- [WORK INSTRUCTION]
Please copy all of the data that follows exactly, leaving any pictures out.

══ INFORMATION SUPPLIED

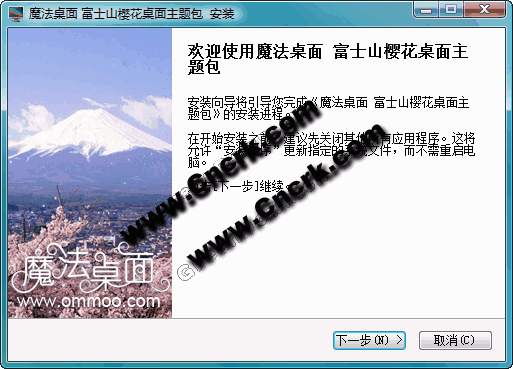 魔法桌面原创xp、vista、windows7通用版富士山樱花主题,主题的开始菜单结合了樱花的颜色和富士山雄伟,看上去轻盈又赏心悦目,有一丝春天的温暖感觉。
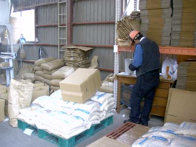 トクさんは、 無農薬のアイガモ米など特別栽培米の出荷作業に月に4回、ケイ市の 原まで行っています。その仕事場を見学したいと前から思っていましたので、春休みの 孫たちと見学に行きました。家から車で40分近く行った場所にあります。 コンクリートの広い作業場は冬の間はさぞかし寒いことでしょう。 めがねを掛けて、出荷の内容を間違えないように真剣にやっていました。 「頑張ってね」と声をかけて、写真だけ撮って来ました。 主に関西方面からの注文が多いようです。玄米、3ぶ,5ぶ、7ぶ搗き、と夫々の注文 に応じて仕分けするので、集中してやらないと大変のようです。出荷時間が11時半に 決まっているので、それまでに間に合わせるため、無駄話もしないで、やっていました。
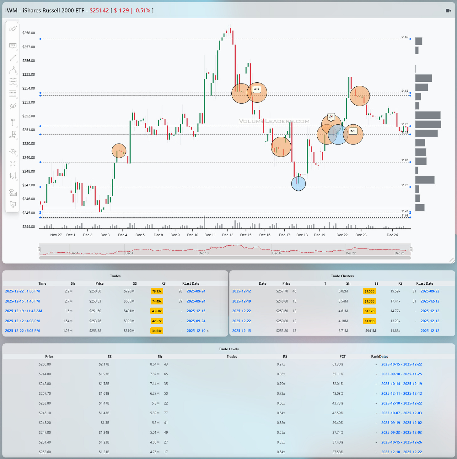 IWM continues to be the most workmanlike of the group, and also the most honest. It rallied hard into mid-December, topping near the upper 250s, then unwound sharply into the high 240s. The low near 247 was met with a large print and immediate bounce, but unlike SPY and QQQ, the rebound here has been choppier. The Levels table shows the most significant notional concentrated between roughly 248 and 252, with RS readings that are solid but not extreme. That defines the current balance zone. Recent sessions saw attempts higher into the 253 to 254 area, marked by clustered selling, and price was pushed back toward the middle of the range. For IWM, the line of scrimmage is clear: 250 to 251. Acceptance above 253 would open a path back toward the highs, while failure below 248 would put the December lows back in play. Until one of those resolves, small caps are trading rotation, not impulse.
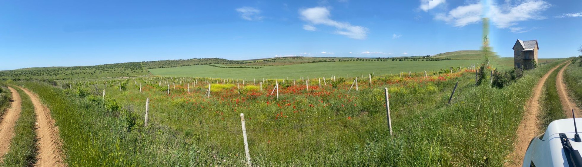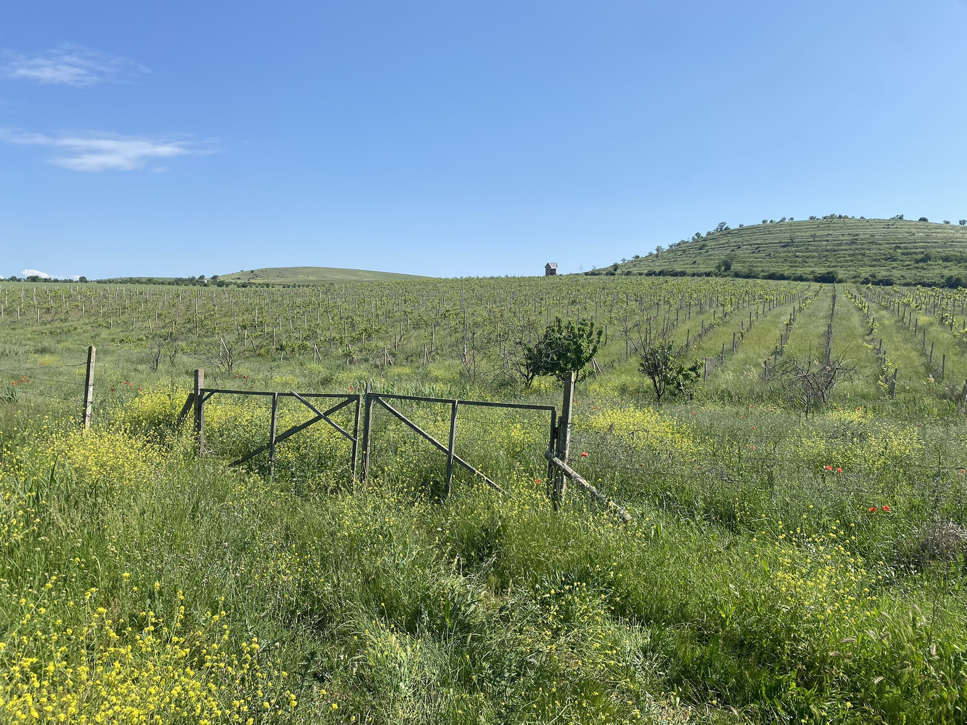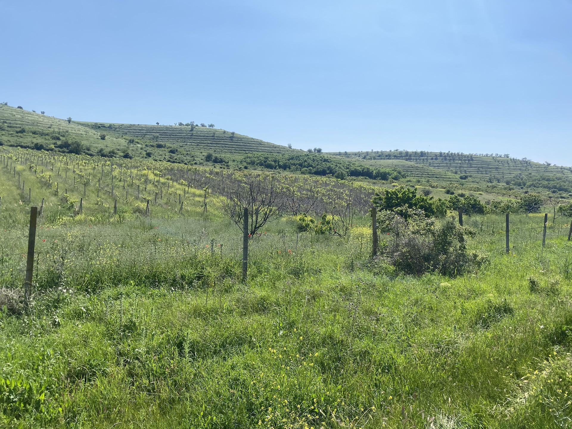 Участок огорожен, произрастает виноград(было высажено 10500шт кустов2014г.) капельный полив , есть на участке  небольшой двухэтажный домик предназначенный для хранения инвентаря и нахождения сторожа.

════

- [FINAL ANSWER]
 魔法桌面原创xp、vista、windows7通用版富士山樱花主题,主题的开始菜单结合了樱花的颜色和富士山雄伟,看上去轻盈又赏心悦目,有一丝春天的温暖感觉。
 トクさんは、 無農薬のアイガモ米など特別栽培米の出荷作業に月に4回、ケイ市の 原まで行っています。その仕事場を見学したいと前から思っていましたので、春休みの 孫たちと見学に行きました。家から車で40分近く行った場所にあります。 コンクリートの広い作業場は冬の間はさぞかし寒いことでしょう。 めがねを掛けて、出荷の内容を間違えないように真剣にやっていました。 「頑張ってね」と声をかけて、写真だけ撮って来ました。 主に関西方面からの注文が多いようです。玄米、3ぶ,5ぶ、7ぶ搗き、と夫々の注文 に応じて仕分けするので、集中してやらないと大変のようです。出荷時間が11時半に 決まっているので、それまでに間に合わせるため、無駄話もしないで、やっていました。
 IWM continues to be the most workmanlike of the group, and also the most honest. It rallied hard into mid-December, topping near the upper 250s, then unwound sharply into the high 240s. The low near 247 was met with a large print and immediate bounce, but unlike SPY and QQQ, the rebound here has been choppier. The Levels table shows the most significant notional concentrated between roughly 248 and 252, with RS readings that are solid but not extreme. That defines the current balance zone. Recent sessions saw attempts higher into the 253 to 254 area, marked by clustered selling, and price was pushed back toward the middle of the range. For IWM, the line of scrimmage is clear: 250 to 251. Acceptance above 253 would open a path back toward the highs, while failure below 248 would put the December lows back in play. Until one of those resolves, small caps are trading rotation, not impulse.
 Участок огорожен, произрастает виноград(было высажено 10500шт кустов2014г.) капельный полив , есть на участке  небольшой двухэтажный домик предназначенный для хранения инвентаря и нахождения сторожа.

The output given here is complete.